• **ASSIGNMENT**: Your copy should begin with the line containing "庄子 くま子さんの外格は13画の5点!", end with the line containing "Introducing the Ultimate", match the listing below exactly, and contain no pictures.

• **MATERIAL PROVIDED**:
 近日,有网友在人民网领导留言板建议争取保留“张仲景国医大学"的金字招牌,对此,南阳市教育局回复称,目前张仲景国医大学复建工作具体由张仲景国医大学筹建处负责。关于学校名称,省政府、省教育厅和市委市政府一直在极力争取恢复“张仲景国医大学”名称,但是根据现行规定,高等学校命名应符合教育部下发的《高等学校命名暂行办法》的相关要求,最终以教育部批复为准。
* * *
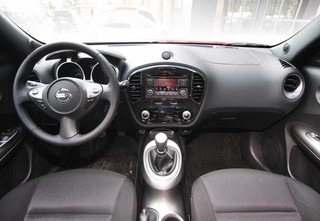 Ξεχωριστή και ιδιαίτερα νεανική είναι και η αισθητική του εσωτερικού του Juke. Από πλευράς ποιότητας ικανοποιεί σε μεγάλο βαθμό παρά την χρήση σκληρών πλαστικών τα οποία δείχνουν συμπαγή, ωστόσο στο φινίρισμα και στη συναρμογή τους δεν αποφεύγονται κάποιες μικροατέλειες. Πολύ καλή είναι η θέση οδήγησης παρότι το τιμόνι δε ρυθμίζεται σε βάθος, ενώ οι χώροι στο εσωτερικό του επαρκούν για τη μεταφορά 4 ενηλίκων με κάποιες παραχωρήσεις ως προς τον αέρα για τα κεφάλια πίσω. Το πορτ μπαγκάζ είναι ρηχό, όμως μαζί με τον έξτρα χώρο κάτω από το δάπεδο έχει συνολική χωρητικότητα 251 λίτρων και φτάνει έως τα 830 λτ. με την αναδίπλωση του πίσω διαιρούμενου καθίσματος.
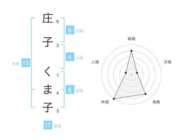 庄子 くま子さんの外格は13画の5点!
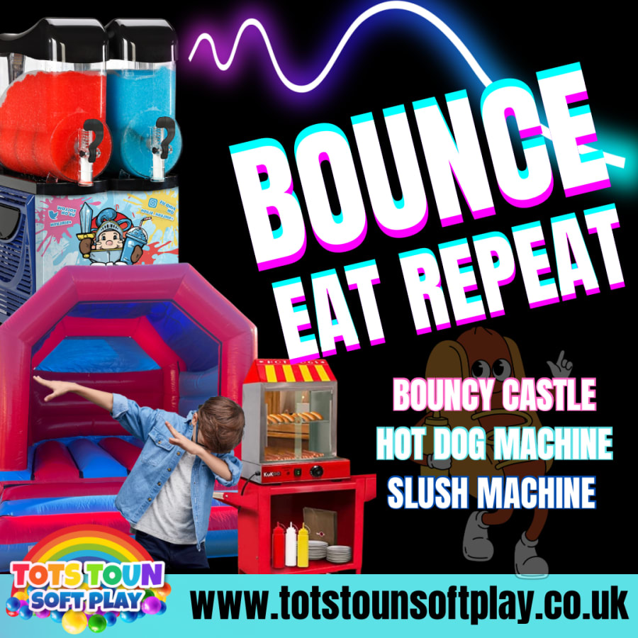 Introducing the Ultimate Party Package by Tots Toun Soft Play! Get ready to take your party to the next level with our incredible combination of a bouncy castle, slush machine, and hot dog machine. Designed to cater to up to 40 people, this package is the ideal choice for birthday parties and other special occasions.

• **TASK ANSWER**:
 庄子 くま子さんの外格は13画の5点!
 Introducing the Ultimate Party Package by Tots Toun Soft Play! Get ready to take your party to the next level with our incredible combination of a bouncy castle, slush machine, and hot dog machine. Designed to cater to up to 40 people, this package is the ideal choice for birthday parties and other special occasions.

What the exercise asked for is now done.